Original Design

The image below depicts my very first attempt at making this miniature line following robot. At the time, I did not plan on expanding much further than making a similar obstacle avoidance robot. However, I felt there was way too much potential in this little guy to let him sit and waste away. That is when this project truly started. I took a look at what went wrong with this design and how I could improve upon it. Several ideas came to mind, but ultimately, I chose to develop a base / shield design.

Original Design

The Drawbacks:

Programming was done externally by removing the Attiny85 Chip, it had no charging capabilities, and major design criteria were not considered such as reliability and reproducibility.

Initial PCB Design - Spin 1

Over the summer, I worked on improving this design. From the blobs of solder and tangle of wires shown above, I created my first PCB shown in the design below. I incorporated an on-board USB programming port, a larger battery, 3D printed motor mounts, and an SPDT power switch.

The Drawbacks:

Some of the components I ordered did not work, the electronics to switch between USB power and battery power were wrong, the SPDT switch was too big, and the motors I had were not strong enough to move the robot anymore.

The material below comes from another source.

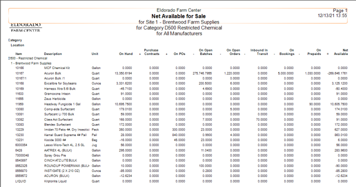 - columns have been added to the report for Purchase Contracts, Open Batches and Inbound In Transit.

Unsure why the programming aspect did not work with the components I had chosen, I used a breadboard and some spare components to build the bare minimum circuit needed to test the programmer (Basically a Digispark).

In hindsight, I should have done this first with more aspects of the design before implementing a PCB design...

Enhancement Design - Spin 2

In this enhancement design, I replaced the switch with a jumper, fixed and verified both the programming and charging components / circuitry, and added the line following components to the design.

Ignoring the downgrade in motor mounts, I was able to get this design to follow a line pretty well.

Enhancement Design - Spin 3

Incorporating the last part of the design, the shields.

Unfortunately, I ran out of time as school started back up again. I was unable to get this design printed to test. However, once this is completed, the shield design creation and implementation will be easy.

Shield Ideas:

Blue-Tooth: Control your robot from your phone or other blue-tooth enabled device! Just download a simple app to send characters or commands via blue-tooth and configure the robot to listen for these commands.

Obstacle Avoidance: Want both line following and obstacle avoidance? Use this shield to configure your robot to avoid obstacles when the shield is attached.

Solar Cell: Power your robot with solar energy! If your out and about or just can't find a USB port, plug this shield in and charge your robot.

SolidWorks Model

I've made a very rough model of the design in SolidWorks


The Micro-Controller

Smaller than a dime, Atmel's Attiny85 is an 8-bit AVR micro-controller with 8KB flash memory, and a 20MHz maximum operating frequency. A specialized bootloader is put onto the Attiny85 to enable PB5 as an additional IO port and to configure the settings required to program it via usb.


Future Possibilities:

Electropermanent Magnets: Imagine a swarm of robots that function independently, but are capable of joining together to complete a task. Each robot would go about doing their own task unless coupled with another robot. When coupled, a predetermined precedence scheme would rule which task was to be followed. Communication would occur through the magnets via PWM signals through the EPMs.

Smaller Design: Using a smaller battery, such as a coin cell battery, the design could be made a little smaller. This was originally considered, but the cost and lifetime of any coin cell battery do not rival that of the small lipo battery.

More Functionality: By incorporating a slightly larger microcontroller, such as the ATtiny84, a single robot could be capable of multiple behaviors without a significant compromise to the size of the robot.